Getting out of bed, he pulled on his running pants and shirt and went outside. The bright light hurt his eyes, and the cold seared his lungs. He hadn’t drunk any water, but he didn’t care. He needed to move, to chase away all thought, all memory.
He headed for the trail, walking first until his muscles warmed up. He was running before the first steep incline, his breath coming hard and fast. This was what he needed, what had kept him sane this past year. His only thought was where to put his feet. His body was a machine, and it did what he told it to. If only his mind would cooperate the same way.
This was the world he’d fallen in love with as a kid, the one that had kept him going during every challenge he faced. After Ricky died, he’d gone back to church to find solace, but he’d left as empty as he went in. The mountains were his church now.
He looked up at the vaulted blue sky and tried to wipe his mind clean.
Forty minutes later, he came off the trail at a jog and slowed to a walk, breathing hard but evenly. Through the trees, smoke was drifting up from Lucy’s chimney.
At least she was keeping the fire going on her own.
After he’d showered and eaten, he worked on some projections his business partner Eddie was waiting for, but ignored Eddie’s call. Dimly he heard Lucy calling to her dog.
She was lonely over there. He could see it in her eyes, but he wasn’t the one to ease it.
He made himself work until five o’clock to prove that he could. When he finally let himself have a glass of whiskey, he barely tasted it. He drank to be numb, in the age-old way guilty men before him had—in search of oblivion.
Night fell outside and the lights in Lucy’s cabin came on—first the living and dining area, then her bedroom. She appeared in her window as if in a picture frame, her hair down around her shoulders, then the blinds shut her away.
He hadn’t looked at a photo of Ricky since he got here. He’d cleared them all from his phone and saved them on his computer, nested deep in a subfolder within backup folders.

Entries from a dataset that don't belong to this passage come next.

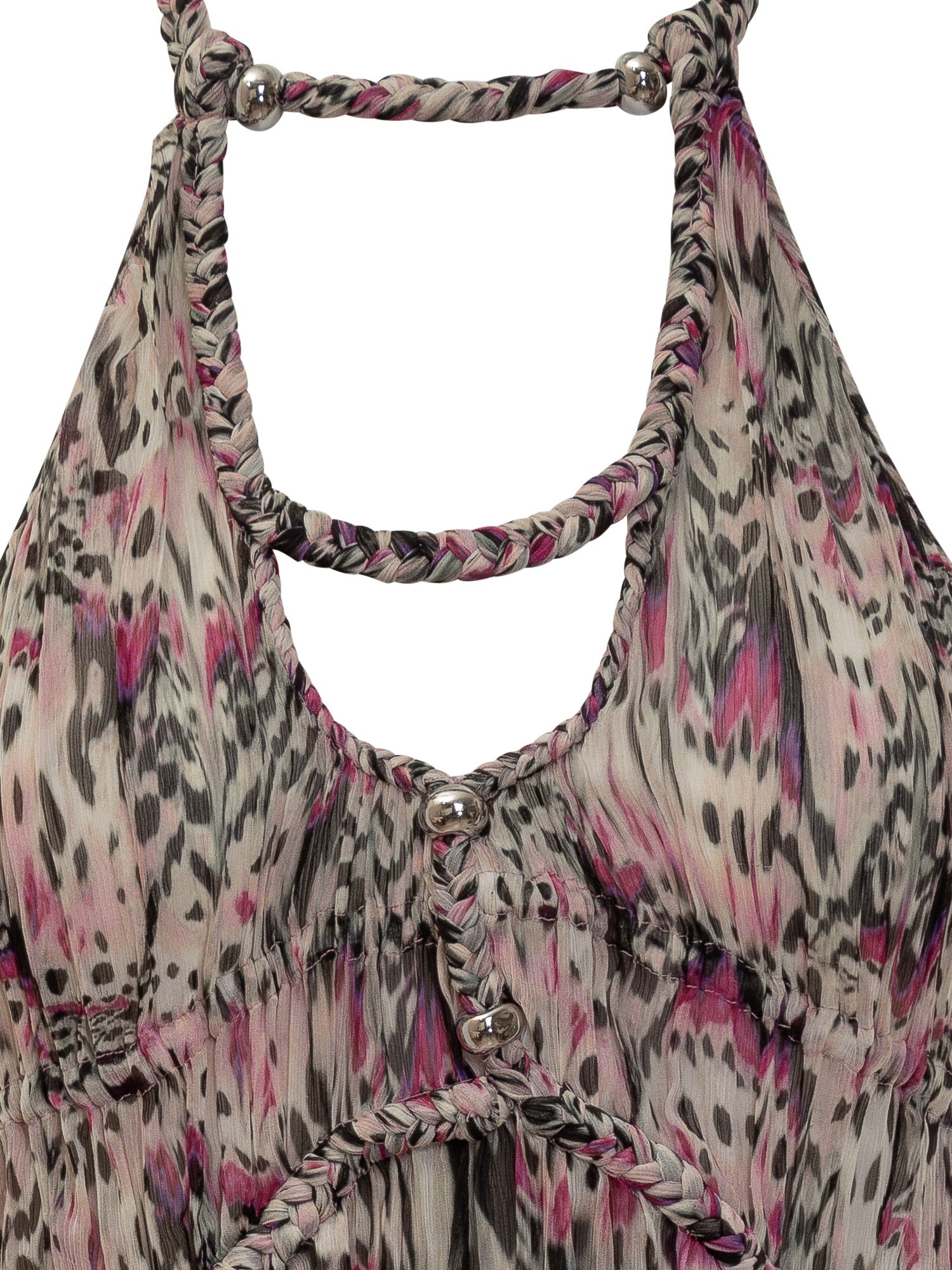 Gown with open back in printed ruched silk. Braided silk shoulder straps. Plunging neckline. Openwork in front. Ruffles in front and back. Matching silk woven trim. Gold metal beading. Button closure at neck and at back with snaps. Flowing gathered and flared skirt. Short cut.
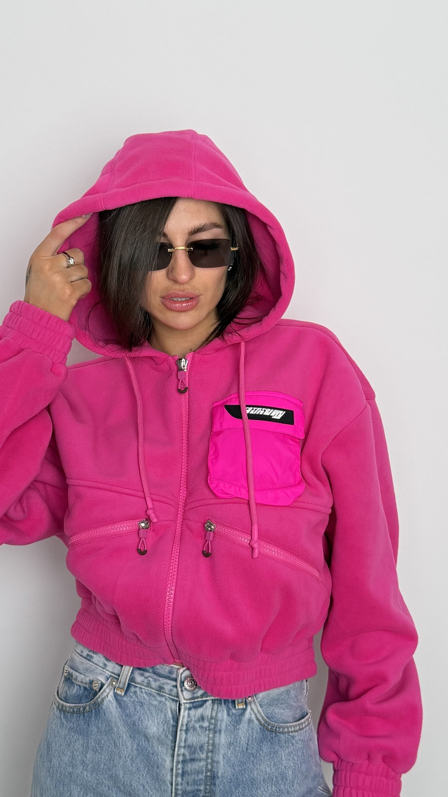 Яскрава фуксійна куртка Rotate Birger Christensen, яка одразу привертає увагу. Коротка модель з капюшоном і спортивними деталями створює сміливий fashion-statement та чудово доповнює street-style образи
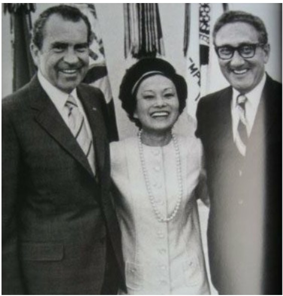 陳香梅女士被尼克松任命為亞洲事務(wù)顧問(左:尼克松,中:陳香梅,右:基辛格)
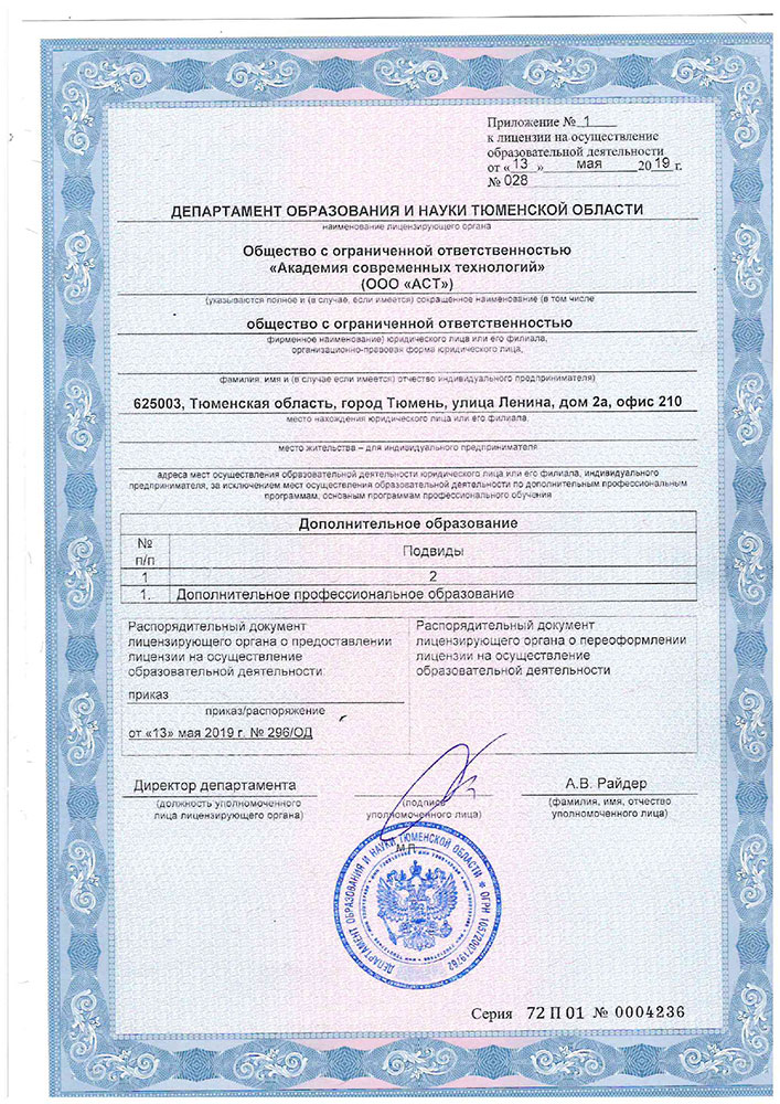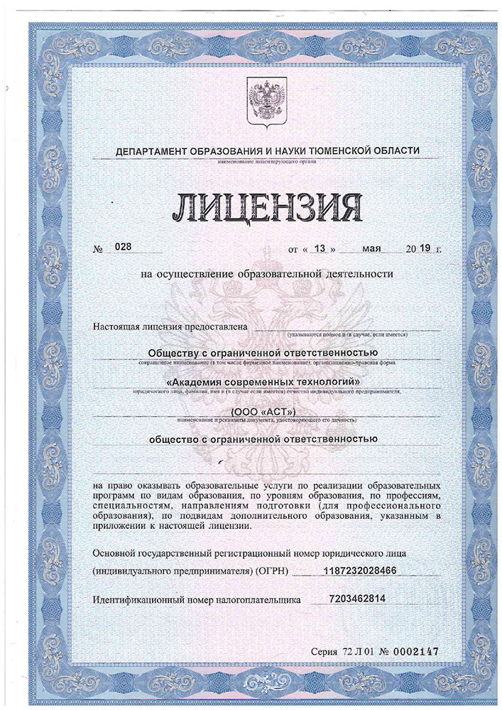 • Лицензия ООО «Академия Современных Технологий» (стр. 1)
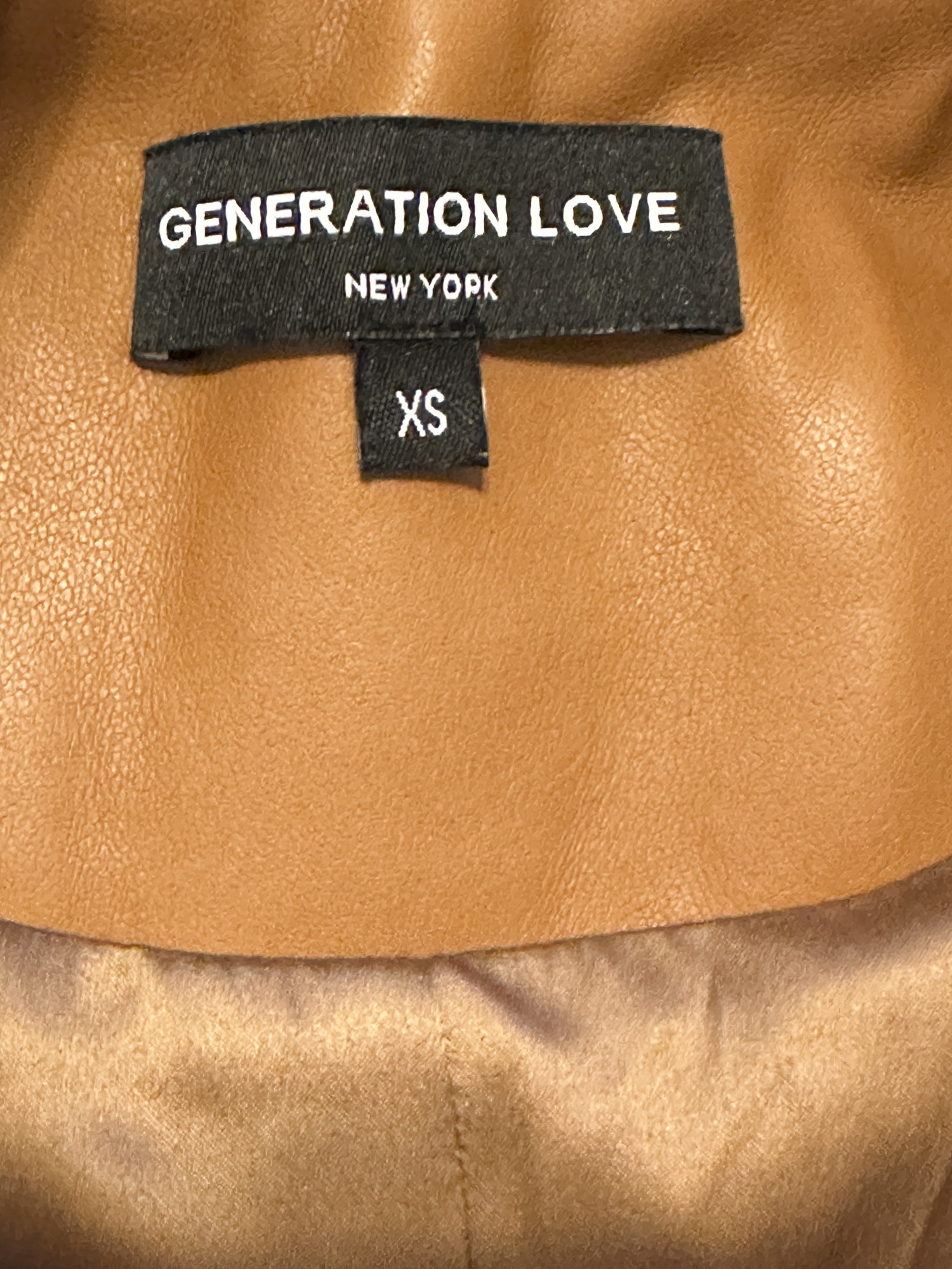 Generation Love NEW Diana Cognac Brown Vegan Leather Moto Jacket Size XS

But he still had a framed picture of the two of them together, his arm around Ricky as they smiled at the camera, celebrating Ricky’s driver’s license.
He’d buried it in a box with books and photos of his family, then couldn’t bring himself to leave it behind when he came here.
Standing up, he turned on the light and went into the bedroom, where he pulled the box out of the closet. He set it on the coffee table, his hands shaking as he lifted the lid. He remembered everything about Ricky’s face, recalled the exact expression he wore in the picture—pride mixed with exasperation that Gabe was making such a big deal out of this rite of passage. But he needed to see it.
He went through the whole box without finding it. How could that be? It was a framed photo, not something that could be easily missed, and he distinctly remembered putting it in there.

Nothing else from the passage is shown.